The Burnet strategy adopts a 'whole-of-society' approach to exit the COVID-19 lockdown
A strategy for a phased progression from Australia’s COVID-19 lockdown devised by Burnet Institute researchers recommends a ‘precautionary approach’ focused on optimising existing tools and strategies, with improved pathways for community and multi-sectoral engagement.
The authors, including Burnet’s Health Security Program Director, Dr Ben Coghlan and Director and CEO Professor Brendan Crabb AC, acknowledge that while community-wide lockdowns have proven effective and saved many lives, they are economically and socially unsustainable.
The challenge now is to balance the relaxing of control measures while minimising ongoing community transmission of the virus, which is complicated by our incomplete understanding of the disease and risk factors.

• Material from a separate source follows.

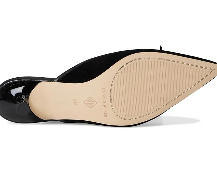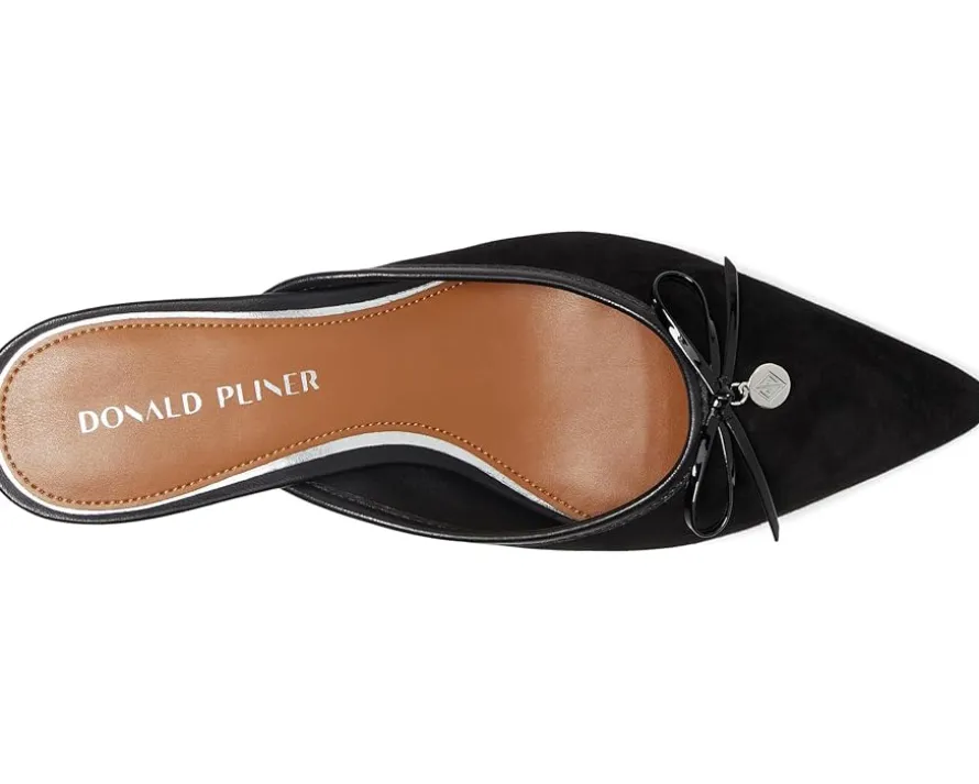 - Discover the Donald Pliner® Soel, where timeless style meets contemporary charm. Crafted from plush black suede, this pointed-toe silhouette features a refined bow detail and sleek tonal trim that effortlessly blends classic charm with contemporary flair. The soft leather upper, lining, and insole offer a luxe feel with every step, while the sculpted kitten heel delivers a flattering lift without sacrificing comfort. Slip-on ease and a Toeflex outsole provide flexible support for day-to-night wearability.

Published in the Medical Journal of Australia (MJA), the strategy proposes three additional stages for a transition towards ‘recovery’ incorporating clear milestones that will need to be achieved for control measures to change.
These stages are:
- Suppress – focused on the effective application and coverage of existing tools and planning to identify and prioritise segments of the community to be ‘released’;
- Release – in which there is limited restoration of socio-economic activity that would prioritise economic and educational freedoms based on surveillance and empirical data, and
- Restore – a prelude to Stand Down and Full Recovery with broader restoration of normal activities, continued protection of health workers and vulnerable people, and preparation for the introduction of novel tools and strategies.
“Each step down would be preceded by a short transition period of gradual releasing of restrictive actions with intense monitoring for evidence of increased community transmission of COVID-19,” the authors write.
The Burnet strategy is premised on making the optimisation of all existing tools and strategies the immediate priority, including detection and monitoring, physical and social distancing, public communication, and rapid response capacity for disease resurgence.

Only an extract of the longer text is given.